## What the task asks:
What you return must match the listing below exactly, minus any pictures.

## Data excerpt:
....................

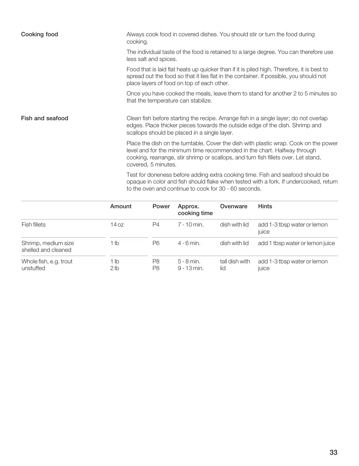 Bosch HMB8050 - Cooking Specific Foods; Cooking Fish and Seafood
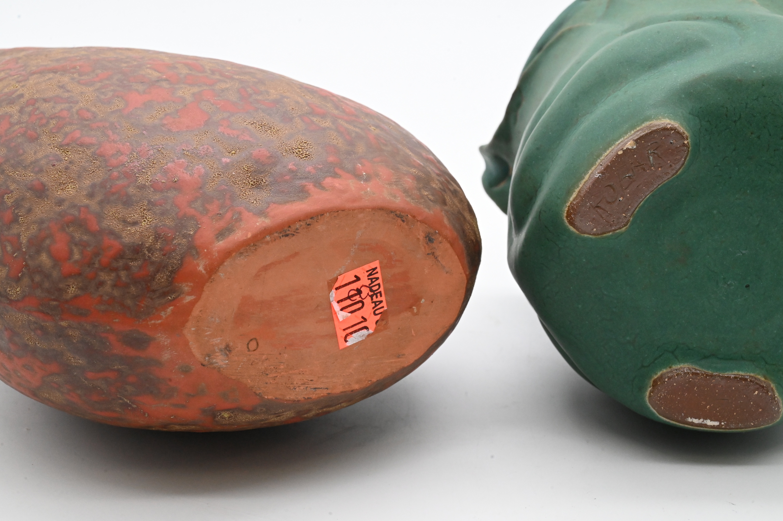 Dan Robar matte green leaf vase, ovoid egg shaped vase in brown and red glaze, along Tiffany Studios style favrile glass scarab paperweight, length 5 inches
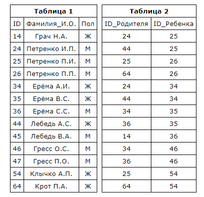 Ниже представлены две таблицы из базы данных. Каждая строка таблицы 2 содержит информацию о ребёнке и об одном из его родителей. Информация представлена значением поля ID в соответствующей строке таблицы 1. Определите на основании приведённых данных ID тёти Клычко А. П.

....................

## Written answer:
 Bosch HMB8050 - Cooking Specific Foods; Cooking Fish and Seafood
 Dan Robar matte green leaf vase, ovoid egg shaped vase in brown and red glaze, along Tiffany Studios style favrile glass scarab paperweight, length 5 inches
 Ниже представлены две таблицы из базы данных. Каждая строка таблицы 2 содержит информацию о ребёнке и об одном из его родителей. Информация представлена значением поля ID в соответствующей строке таблицы 1. Определите на основании приведённых данных ID тёти Клычко А. П.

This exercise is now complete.